What you have to do → Please transcribe the data exactly as shown, skipping the images.

Source material →
- Opening Delimiter -
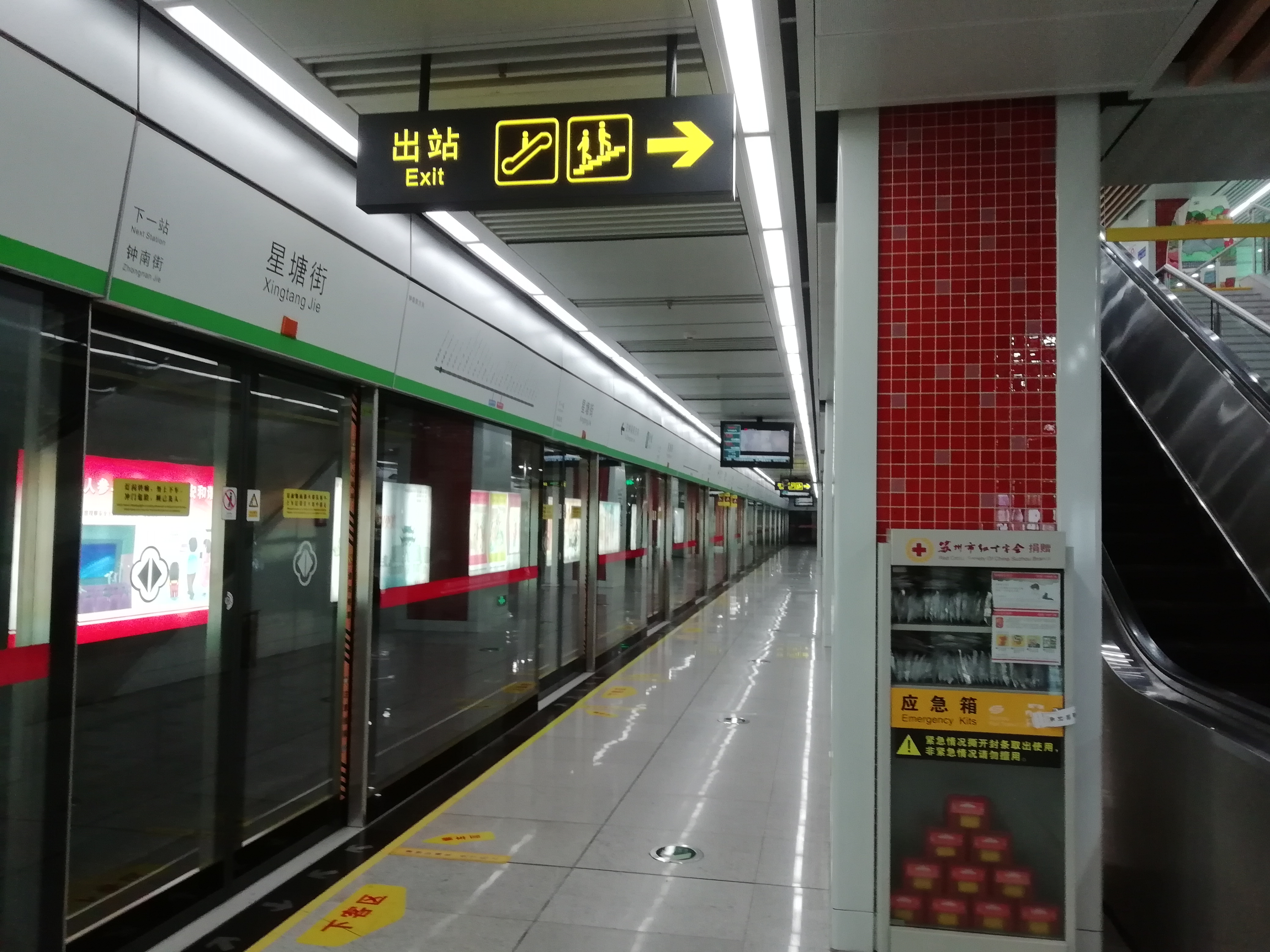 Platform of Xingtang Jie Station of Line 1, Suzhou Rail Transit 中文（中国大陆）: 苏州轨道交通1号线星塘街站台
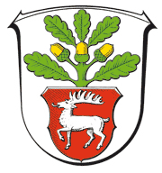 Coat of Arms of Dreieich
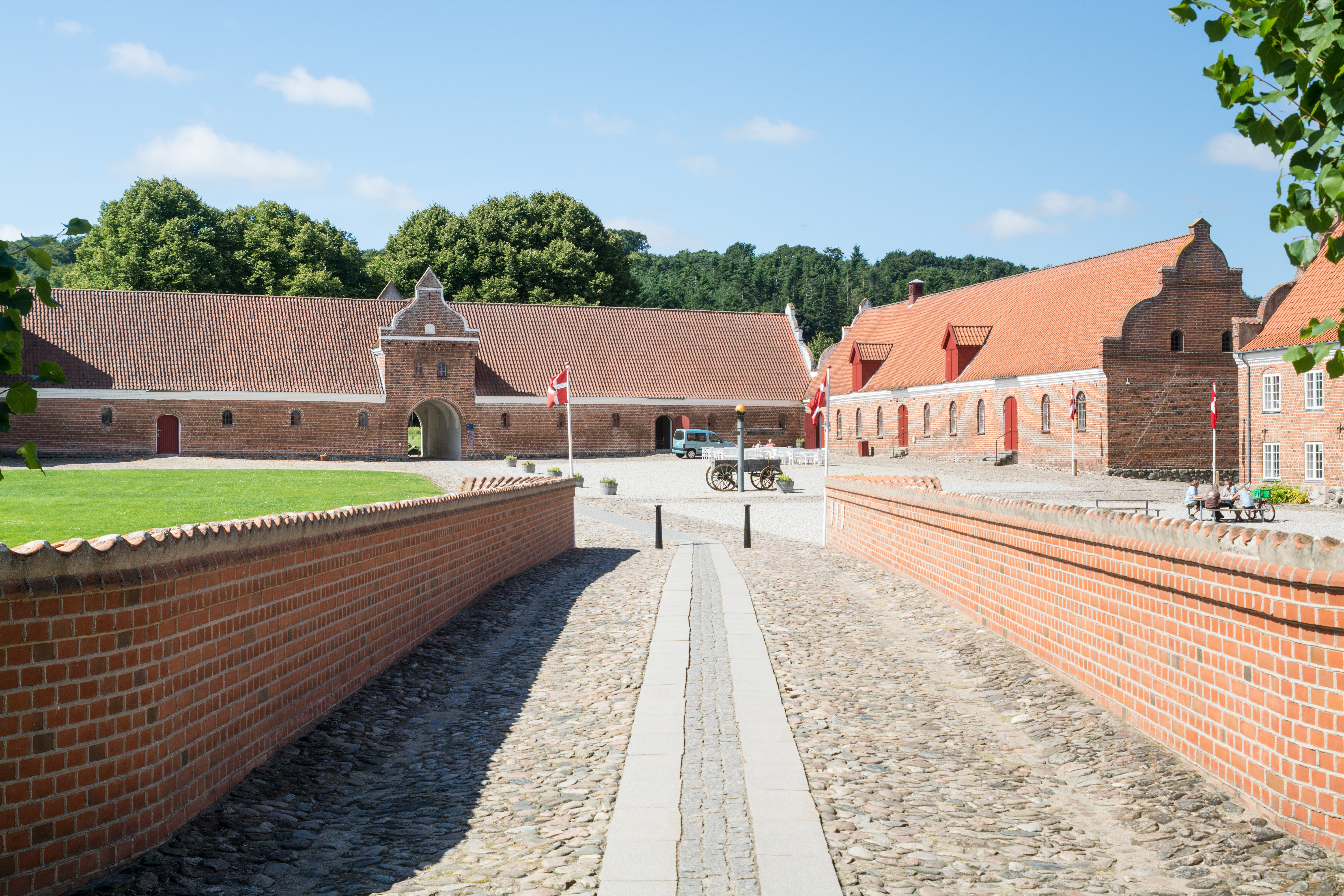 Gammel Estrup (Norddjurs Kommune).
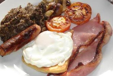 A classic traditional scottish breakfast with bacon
- Closing Delimiter -
Response for this exercise →
 Platform of Xingtang Jie Station of Line 1, Suzhou Rail Transit 中文（中国大陆）: 苏州轨道交通1号线星塘街站台
 Coat of Arms of Dreieich
 Gammel Estrup (Norddjurs Kommune).
 A classic traditional scottish breakfast with bacon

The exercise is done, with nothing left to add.